Алик устало садится на свой чурбачок и платочком утирает со лба пот. Он смотрит на меня с сочувствием, грустно. Мне становится не по себе.
– Мир велик и таинственен, Йостек. Однажды вы это поймете.
Он отклоняется немного назад, поднимает из травы Германову кожанку. Встряхивает ее, та звякает.
– Неплохая, – говорит он и накидывает куртку себе на плечи, будто все так и должно быть. Будто ничего не случилось. Седая щетина на его круглой подпухшей морде блестит. Разбитая губа с черной засохшей кровью, толстые очки на резинке, задумчивое лицо, посошок, на который опирается Алик, и байкерская куртка на плечах – знаю, все это бессмысленно, однако сейчас оно кажется мне какими-то таинственными атрибутами настоящего шамана. Но я вовремя напоминаю себе, что эта драматургия нужна исключительно для того, чтобы забить мне баки.
Неожиданно, совсем с противоположной стороны кто-то окликает нас. Из темноты выходит Вика. Она обкуренная и напуганная.
– Идите, девушек заберите. У них там серьезные проблемы.
Мы поспешно сбегаем к лагерю панков. Там все с белыми лицами. Такими белыми, аж видно во тьме. Полная молчанка. Они сбились в кучу, эти молодые дружные панки, сбились в кучу, освободив пространство для игры теней. В самом центре свободного места сидит неподвижная, будто камень в степи, Лорна с застывшим лицом. Ее глаза прикрыты, она смотрит на кончик носа. Ее лицо холодно и красиво, в ней мерещится что-то большее. Возле ее ног, скрутившись клубком, лежит тело и плачет. Я с ужасом узнаю Жанну. Мое сердце сжимается от жалости и испуга.
– Что тут происходит?
Она лежит в пылище и обнимает руками колени Лорны. Жанна захлебывается слезами. Издает страшный рев и снова заходится. Плач ее просто раздирает душу. Сквозь всхлипывания Жанна выдавливает:
– Прости-и-и… Прости-и-и… ну прости-и-и меня-а… Я-а-аа больше так не бу-у-уду… Я больше так не-е-е бу-у-ду-у-у… Не надо-о-о, слышишь? ну прости-и-и меня-а-а… проости… прости… прости… Ну прости меня-а-а…
Лорна не подает признаков активного сознания. Ее взгляд сосредоточен на кончике носа.
Могильная тишина и грудные рыдания. Я только осознаю, что меня овевает ночной ветерок, и все. Голова пуста.
Пареньки не шевелятся. Меня тоже будто парализовало. Неужели Лорна снова взялась за свои сумасшедшие эскапады? О господи! Только не это!
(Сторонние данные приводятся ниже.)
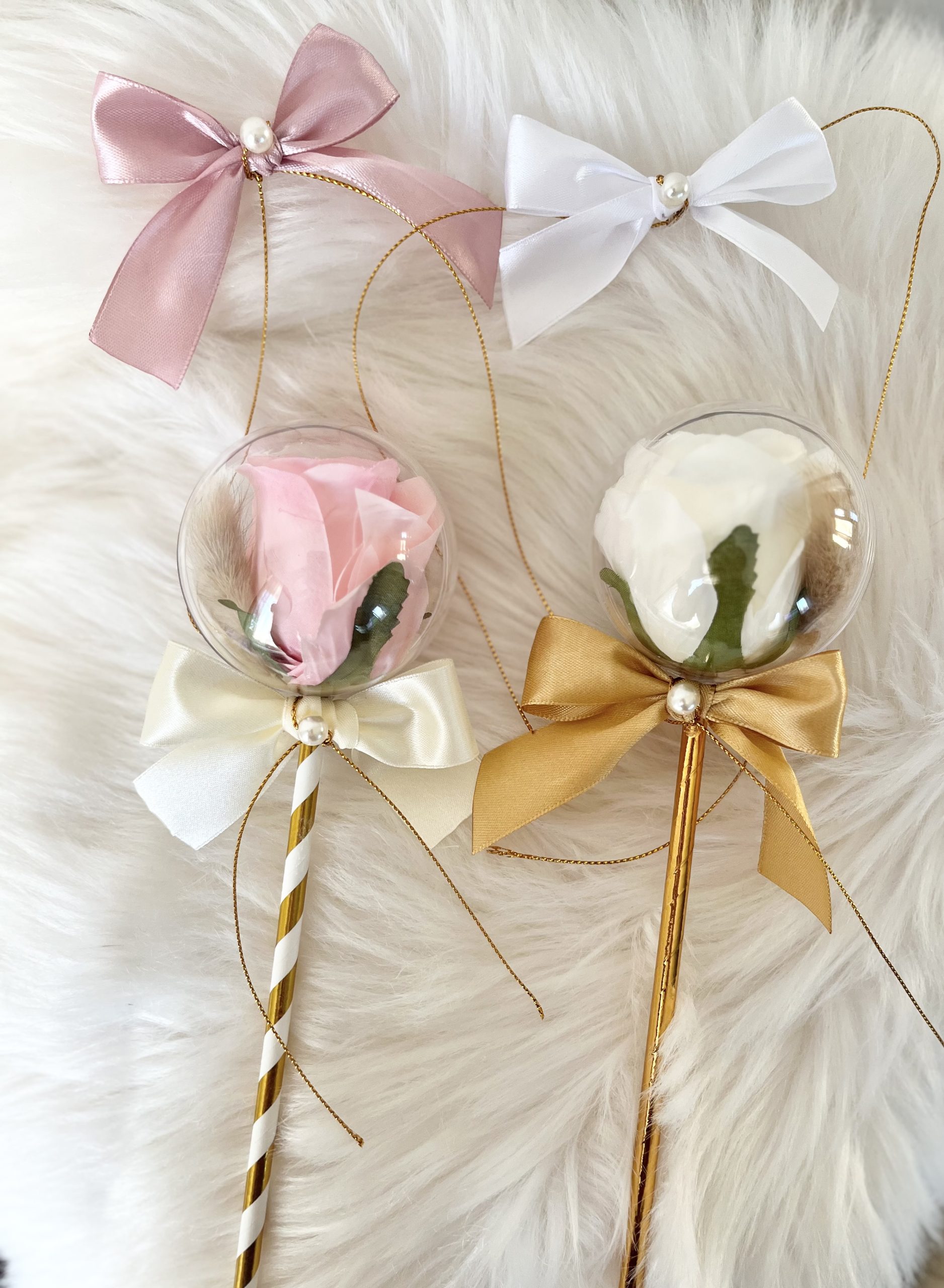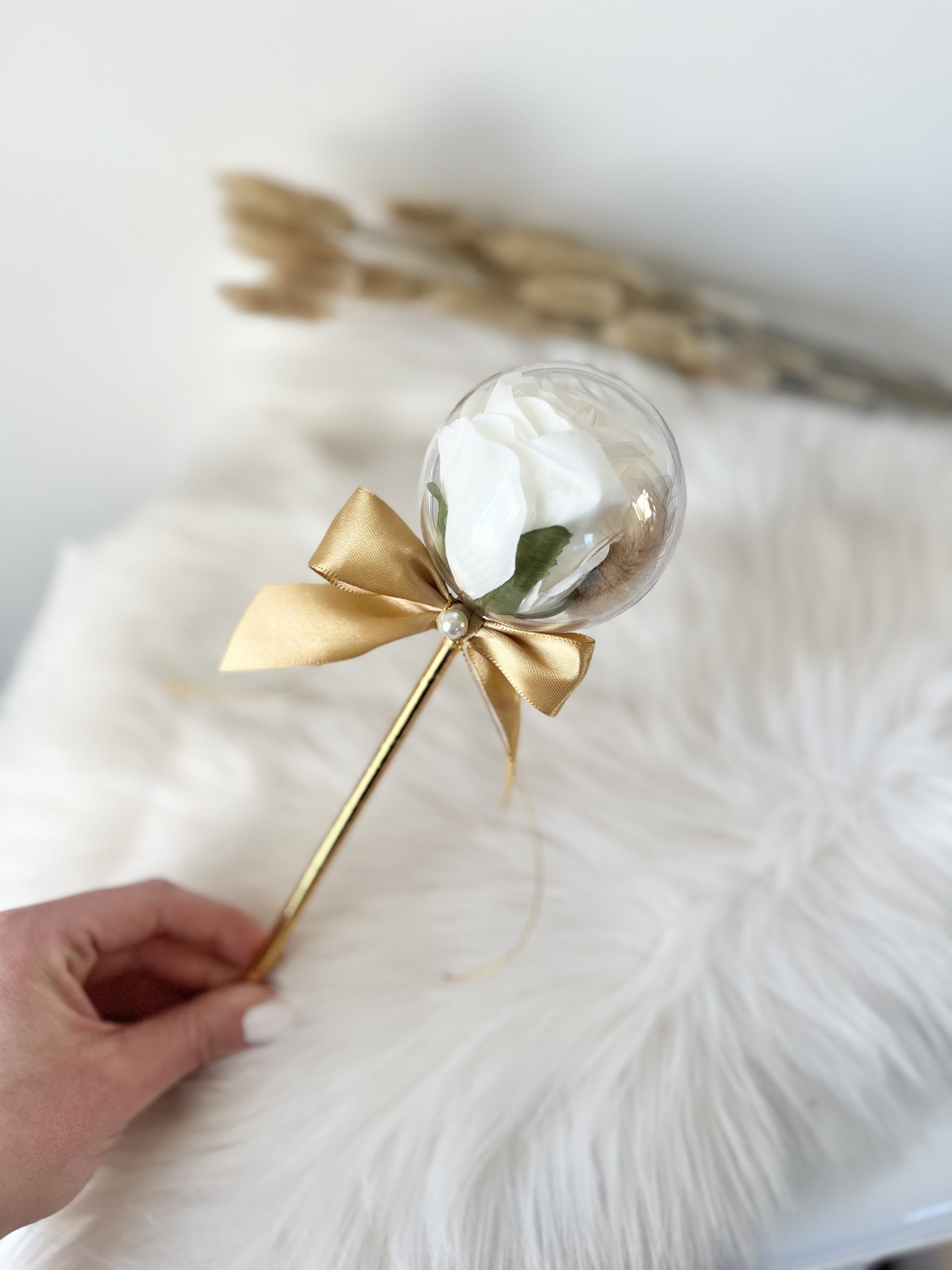 W środku kuli znajduje się sztuczna róża i suszki.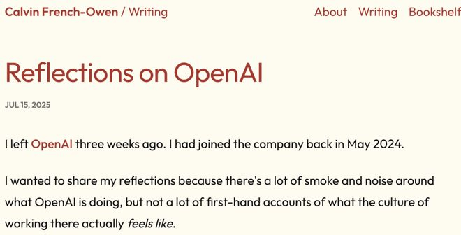 如今,Calvin French-Owen想趁热打铁,效仿Nabeel Quereshi的《对Palantir的反思》,揭秘OpenAI的独特之处。

Вика первой бросается к Жанне и начинает ее поднимать с земли. Она что-то лопочет: «Дорогушка, лапочка, успокойся, перестань, ну не плачь, солнышко, ну». Но Жанна вжимается щекой в землю, щеки мокрые от слез, и на них налипла пыль. Ее куртка испачкана соплями и пеплом. Вика силой отрывает Жанну от земли, и каждый может видеть, как по серым от пылищи щекам катятся тяжелые слезины. Мне страшно. Это снова началось. Жанна стонет: «Прости, прости, прости!», а Лорна ничего не отвечает. Я подхожу к ней, пробую поднять под руки с земли. Но Лорна тоже упирается, притворяется, будто приросла к месту. У меня не хватает сил поднять ее, и на помощь приходит Алик. Чудом ставим ее на ноги и без лишних слов выводим за границы шатра, где уже Вика ведет за руку Жанну. Жанна заходится в истерике и выкрикивает: «Ну пожалуйста, я больше не буду, ну почему, почему, почему…»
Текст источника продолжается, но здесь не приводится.